▶ Aim of the exercise
Every line from the line containing "Экструдер --- Фильера" through the end of the data is to be reproduced exactly, excluding pictures.

(Items listed in a dataset)
# # #

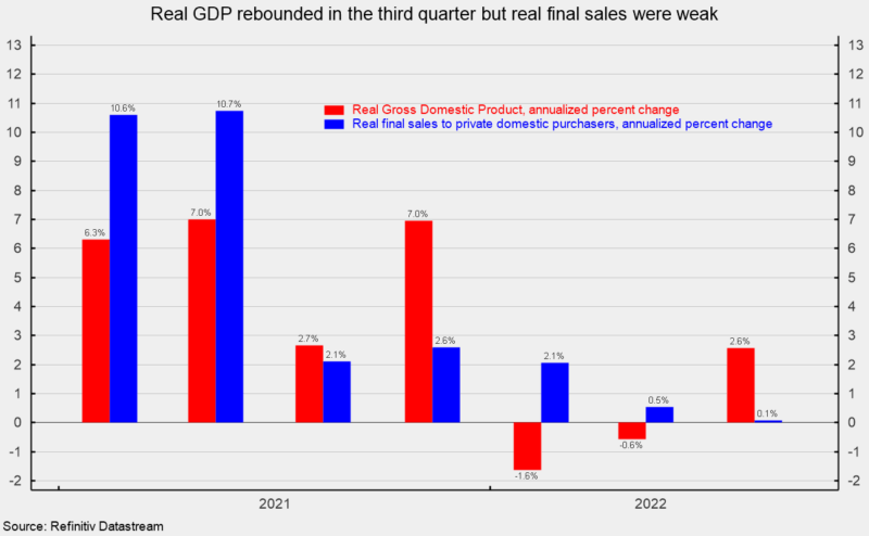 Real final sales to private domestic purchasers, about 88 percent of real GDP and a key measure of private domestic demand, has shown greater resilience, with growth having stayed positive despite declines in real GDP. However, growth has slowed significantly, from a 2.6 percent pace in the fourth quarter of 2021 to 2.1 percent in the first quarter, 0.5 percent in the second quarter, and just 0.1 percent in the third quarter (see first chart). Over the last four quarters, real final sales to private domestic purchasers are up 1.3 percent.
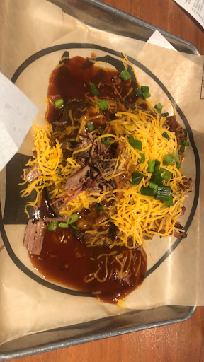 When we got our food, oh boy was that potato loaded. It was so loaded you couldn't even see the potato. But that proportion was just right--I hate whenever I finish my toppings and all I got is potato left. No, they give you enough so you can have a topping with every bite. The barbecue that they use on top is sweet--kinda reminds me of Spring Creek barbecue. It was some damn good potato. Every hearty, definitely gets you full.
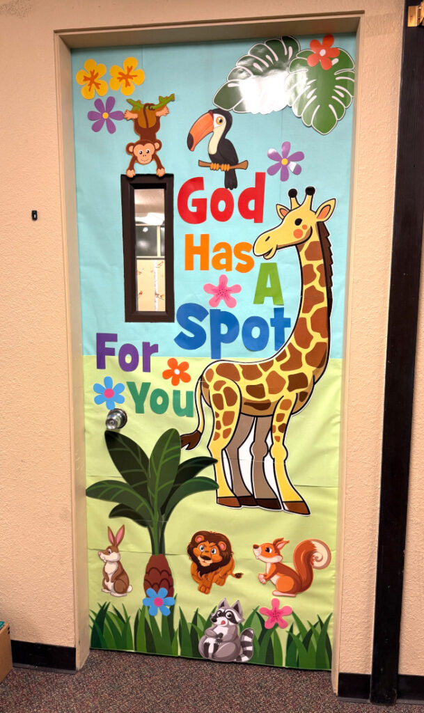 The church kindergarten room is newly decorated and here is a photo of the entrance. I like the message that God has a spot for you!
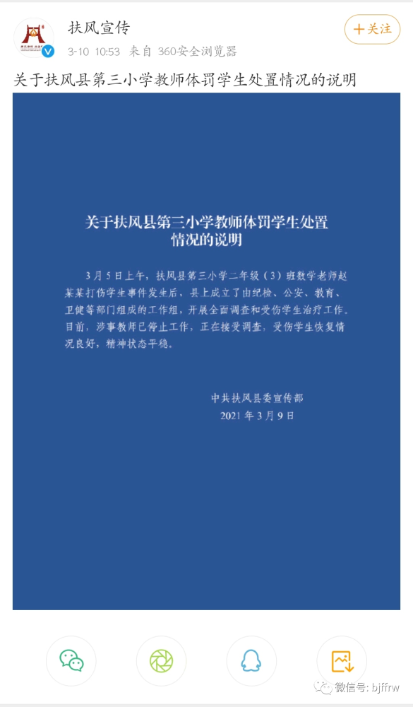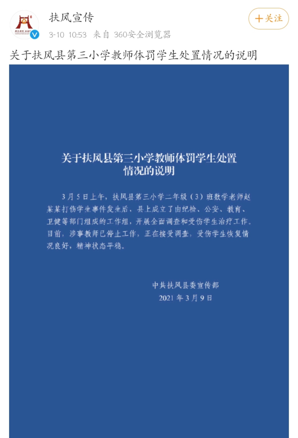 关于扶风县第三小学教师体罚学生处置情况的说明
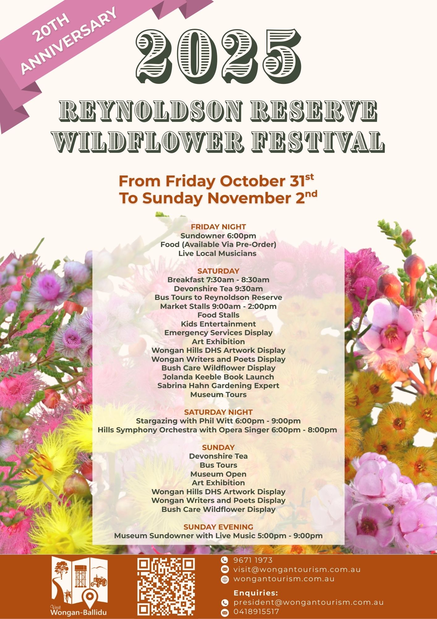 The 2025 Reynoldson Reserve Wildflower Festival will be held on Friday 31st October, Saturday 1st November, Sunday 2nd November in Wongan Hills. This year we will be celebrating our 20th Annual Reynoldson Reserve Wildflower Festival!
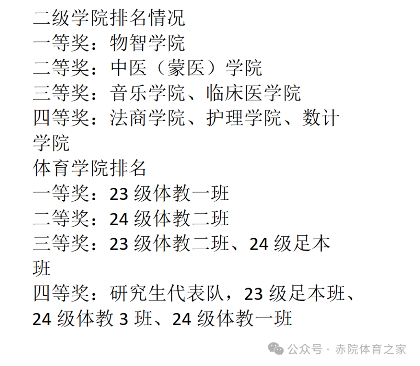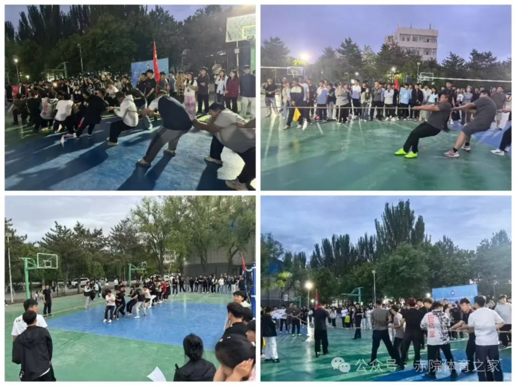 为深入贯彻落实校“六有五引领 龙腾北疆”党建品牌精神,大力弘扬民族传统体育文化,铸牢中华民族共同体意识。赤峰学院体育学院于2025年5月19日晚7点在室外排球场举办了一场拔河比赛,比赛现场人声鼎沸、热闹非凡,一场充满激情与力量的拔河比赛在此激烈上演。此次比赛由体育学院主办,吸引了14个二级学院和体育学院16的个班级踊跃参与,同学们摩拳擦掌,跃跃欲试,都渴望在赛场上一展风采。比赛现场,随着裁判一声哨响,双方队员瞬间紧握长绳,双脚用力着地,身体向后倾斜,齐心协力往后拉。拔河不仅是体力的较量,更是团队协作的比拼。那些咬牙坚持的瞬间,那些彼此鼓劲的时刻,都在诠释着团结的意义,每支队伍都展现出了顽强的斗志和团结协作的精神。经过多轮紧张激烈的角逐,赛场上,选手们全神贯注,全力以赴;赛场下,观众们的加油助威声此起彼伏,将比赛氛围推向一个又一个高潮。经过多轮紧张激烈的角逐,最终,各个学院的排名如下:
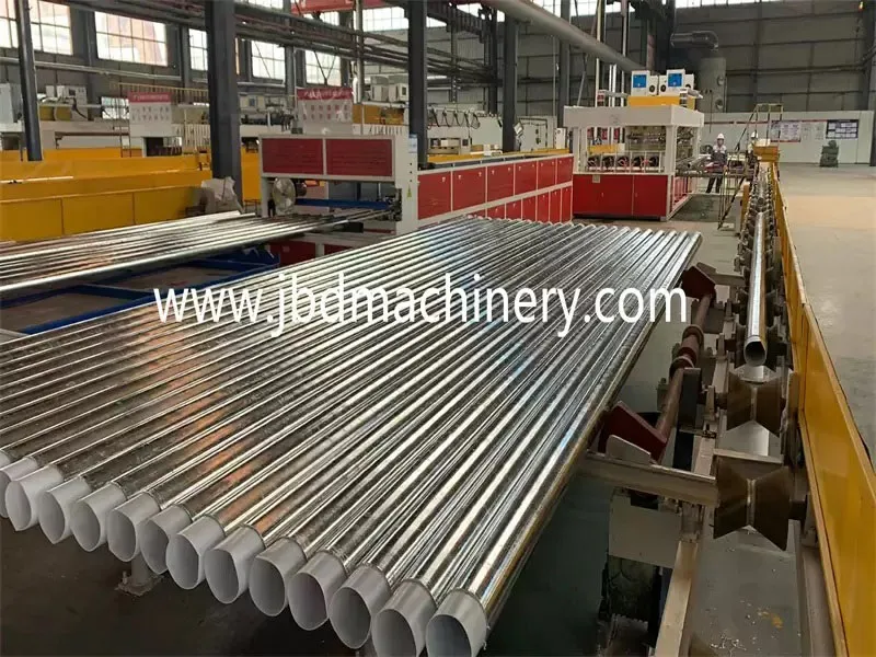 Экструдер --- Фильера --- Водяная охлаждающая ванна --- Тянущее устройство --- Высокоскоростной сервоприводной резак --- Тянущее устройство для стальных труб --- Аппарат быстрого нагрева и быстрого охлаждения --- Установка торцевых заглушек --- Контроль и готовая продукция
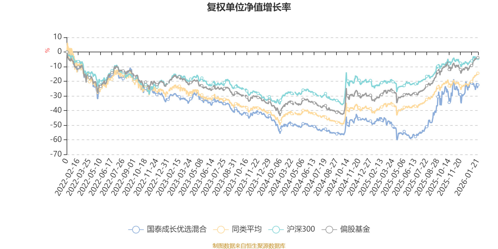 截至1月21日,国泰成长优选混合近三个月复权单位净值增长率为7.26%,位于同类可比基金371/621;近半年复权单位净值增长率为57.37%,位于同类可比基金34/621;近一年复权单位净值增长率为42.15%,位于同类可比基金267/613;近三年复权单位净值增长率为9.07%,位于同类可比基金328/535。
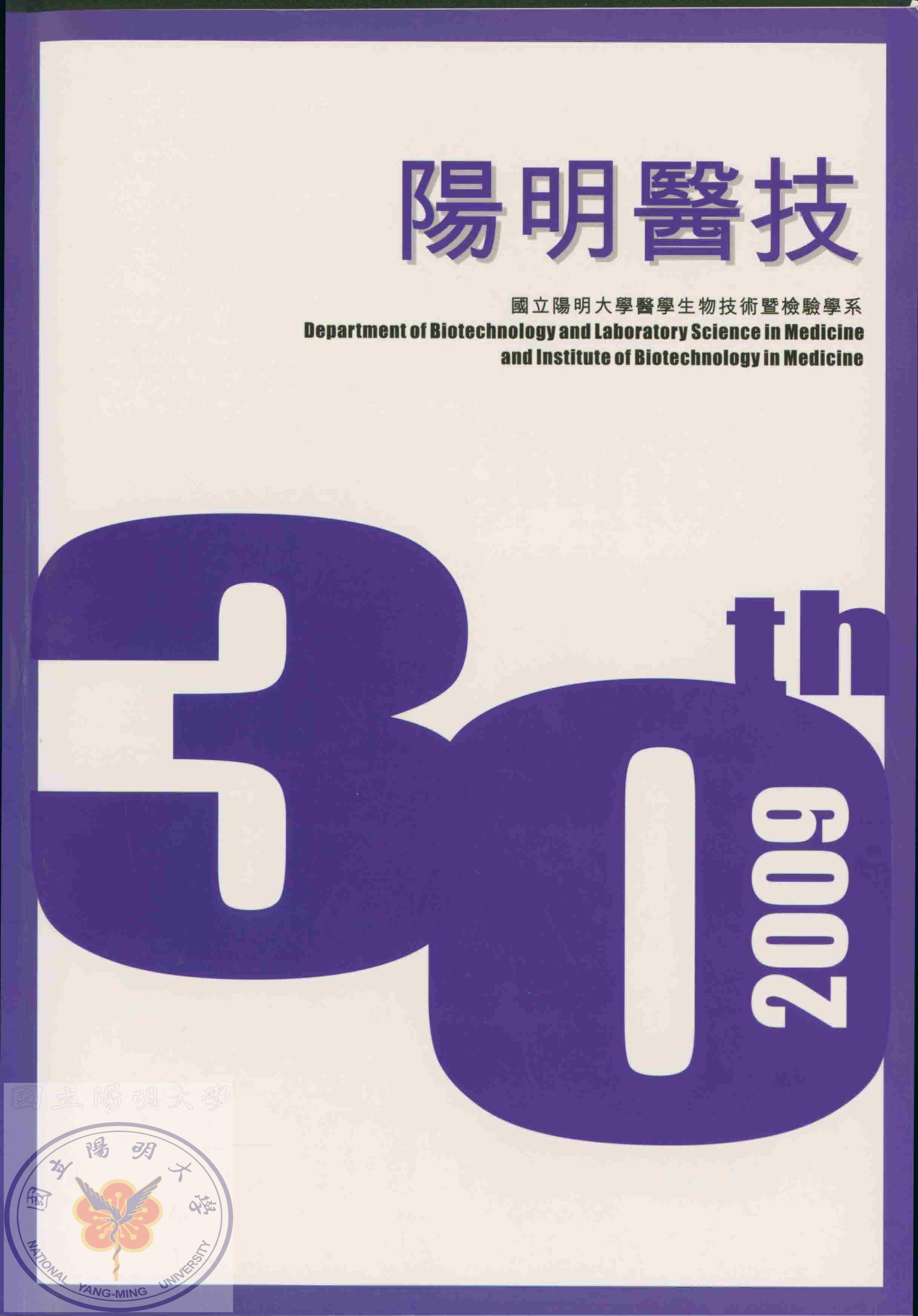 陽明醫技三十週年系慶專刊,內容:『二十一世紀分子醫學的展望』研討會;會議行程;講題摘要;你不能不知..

# # #

▶ Response to this task
 Экструдер --- Фильера --- Водяная охлаждающая ванна --- Тянущее устройство --- Высокоскоростной сервоприводной резак --- Тянущее устройство для стальных труб --- Аппарат быстрого нагрева и быстрого охлаждения --- Установка торцевых заглушек --- Контроль и готовая продукция
 截至1月21日,国泰成长优选混合近三个月复权单位净值增长率为7.26%,位于同类可比基金371/621;近半年复权单位净值增长率为57.37%,位于同类可比基金34/621;近一年复权单位净值增长率为42.15%,位于同类可比基金267/613;近三年复权单位净值增长率为9.07%,位于同类可比基金328/535。
 陽明醫技三十週年系慶專刊,內容:『二十一世紀分子醫學的展望』研討會;會議行程;講題摘要;你不能不知..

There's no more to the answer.